Book Review 35

Review

Title: World Economic Plants: A Standard Reference

ISBN 13: 9781439821428

Published: 2013

Pages: 1300

Cost: $149.95

Rating (1-5): 5

Submitted By: Blade, Stanford F.

Date posted: August 02, 2013

An exhaustive reference of the world's economic plants.

This is a superb reference guide that will assist in understanding what plant your colleagues are discussing no matter how obscure the reference. This book will explain the scientific identifification of some weirdly-named plants such as beefnut, cowpea or woollybutt.
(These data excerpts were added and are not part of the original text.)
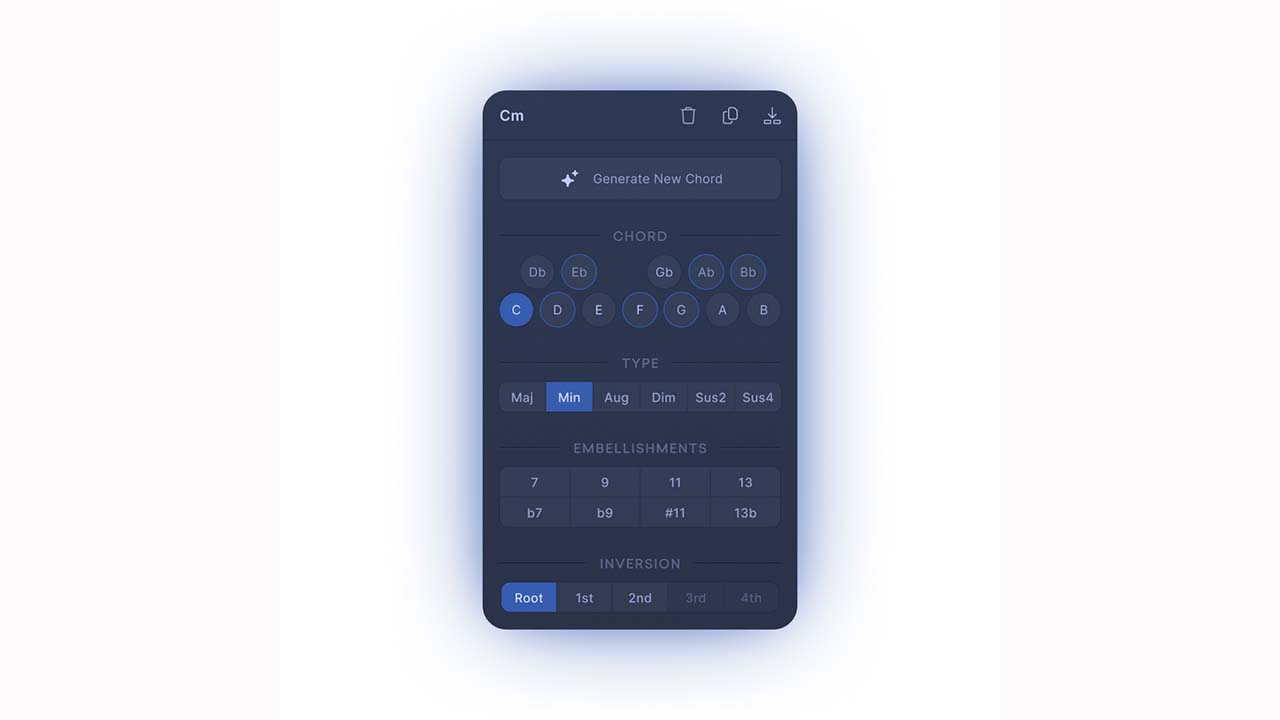 複雑なコード進行や個々のコードを簡単に生成します。音楽理論の知識は必要ありません。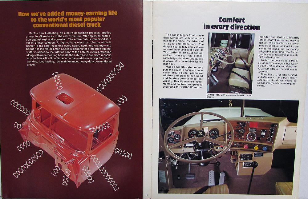 Original 1977 Mack Trucks R Series Conventional Cab sales brochure. Good condition.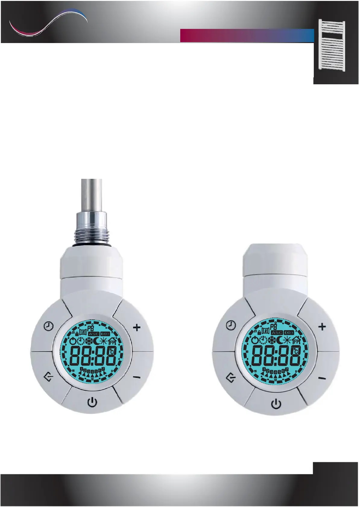 The thermostat is supplied in 2 different versions; in the first version on the lower left, the heating

The book will enlighten you on the distribution of starbur and the economic uses of bitterleaf.

The second edition of World Economic Plants – A Standard Reference (John H. Wiersma and Blanca León) is a remarkable compilation of 12,235 vascular plants (the first edition covered 9,500 species) which addresses scientific nomenclature, synonymy, common names, economic importance and geographical distribution. The careful rigor evident in the preparation of the first edition is once again obvious-with 180+ individuals listed as reviewers of the material.

The obvious benefit of this book is the standardization of plant names. The value of scientific exchange is based on being able to identify the species under discussion. This reference not only provides scientific names for Latin-script common names, but also includes indices in Arabic, Chinese, Greek, Hebrew, Japanese, Korean and Russian. The format of the information provided is consistent and logical within entries. The description of economic importance is not extensive, but covers a wide array of elements including (but not limited to): food, materials/wood, fodder/forage, weeds, medicines (including folklore), ornamentals, poisons, social uses (smoking materials, stimulants) and bee plants.

The title description of this work as “a standard reference” is not an idle boast. This is a book which botanists, agriculturalists, geographers and biologists will find of great value. The authors have done a great service to bring together such a large amount of information in a comprehensive and useful publication. The authors posthumously dedicate the book to Edward McKinley Bird who pioneered work on the Germplasm Resources Information Network (GRIN). Authors Wiersma and León acknowledge that “without the tremendous effort that McKinley invested in developing software that enabled us to extract and format data directly from GRIN, we could never have published the earlier edition of this work”.